How to write a research data management plan#

About this guide#

This guide is for early stage postgraduate researcher (PGR), PhD, or students associated with the Henry Royce Institute and partners. We aim to guide you through a data management planning considerations, a general data management plan creation process and to point you to resources for support at the Henry Royce Institute and your Royce Partner Institution.

Data Management Planning#

A research data management plan (DMP) is a living document, i.e. continually edited, that outlines all the stages of your physical and digital research data lifecycle [15], illustrated in Fig. 1 [1]. A plan will include how the data will becollected, stored, protected, shared, and who will own the license rights to the data, before the data collection begins. Such plans can be updated at every point of the PhD research project lifetime, to reflect the data management needs of different studies.

../_images/rdm_lifecycle_royce.svg

Fig. 1 The research data lifecycle#

DMPs can be general across the project or outline how each study will be conducted. DMPs are a great way to outline your study and reflect on it, as they will highlight areas that require more attention, can evidence that your research is well planned, demonstrate to your industrial sponsor that you are implementing their data sharing and security policies in how you conduct your research, and are a self-made resource to aid thesis writing. Several awarding and funding bodies either recommend, or require dara management plans for awarding funding [11, 12, 13, 16].

During you research lifetime you might be tasked to write a DMP. Data management planning might appear daunting at first but is a skill that can be acquired and built on. Below you will find key considerations, resources and examples to begin data management planning. The table of contents on the right can help guide you to the content you are looking for, click on the resource title to be redirected to it through the page.

The research data lifecycle#

These online resources offer a detailed insight into the research data lifecycle:

  1. Data life cycle, RDMkit, ELIXIR [1]

  2. The Research Data Lifecycle - A Model for Data Management, The Turing Way [14]

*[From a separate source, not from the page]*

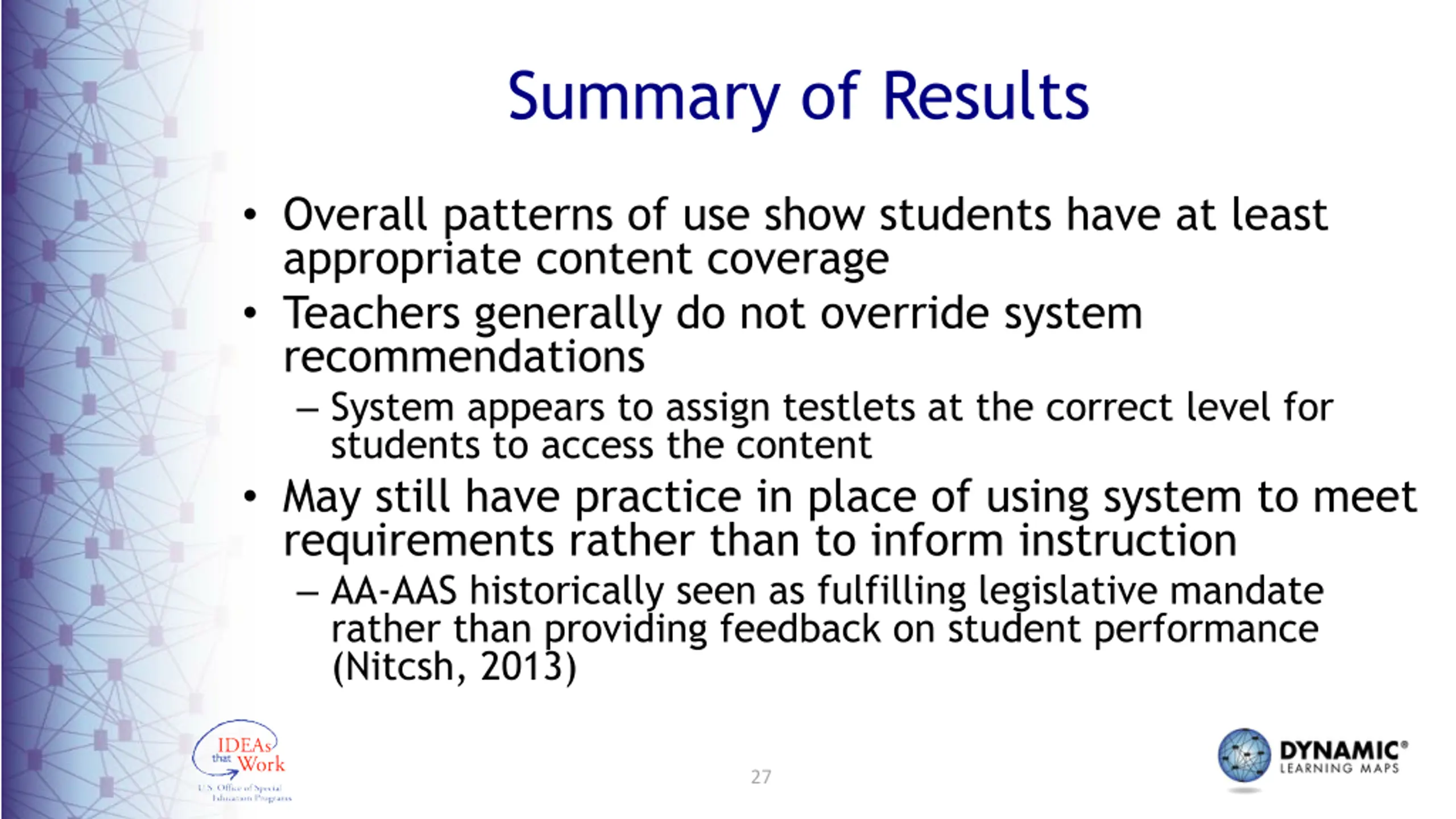 Summary of Results Overall patterns of use show students have at least appropriate content coverage Teachers generally do not override system recommendations System appears to assign testlets at the correct level for students to access the content May still have practice in place of using system to meet requirements rather than to inform instruction AA-AAS historically seen as fulfilling legislative mandate rather than providing feedback on student performance (Nitcsh, 2013) 27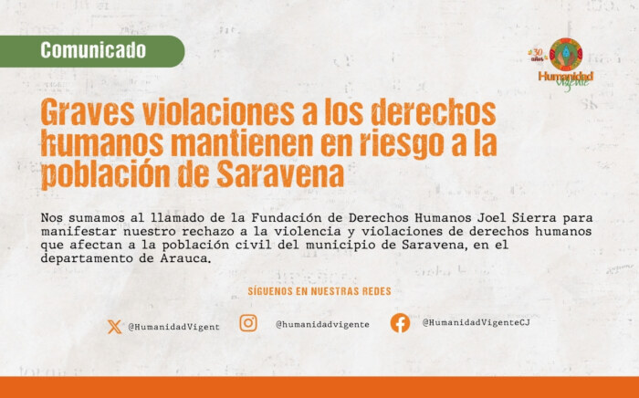 Nos sumamos al llamado de la Fundación de Derechos Humanos Joel Sierra para manifestar nuestro rechazo a la violencia y violaciones de derechos humanos que afectan a la población civil …

  3. Research Data Lifecycle, UK Data Service [15]

What is a research data management plan?#

Definition#

A data management plan is a living document that describes your project’s research data lifecycle. Research data has a longer lifespan than the project itself, and can be used, reused and adapted after the project ends, in other projects, internal or external to the originating research group. The data management lifecycle comprises the planning (project and data management), data collection process, data processing and analysis, management and storage during a research project. It also describes data ownership and how the data will be preserved and shared during and upon completion of a project [1, 9, 14, 15].

Reasons to write a Data Management Plan#

Writing a data management plan can be daunting as a new PhD student. You might not have done it before and being faced with a flush sheet of paper can lead to a block. When it comes to writing we always suggest that you should first get something down on paper. Once you have started, the process becomes easier. It is useful to approach the DMP as a tool to help you in your PGR project journey, rather than something preventing you from practicing research.

So, what are some reasons for devising and writing a DMP?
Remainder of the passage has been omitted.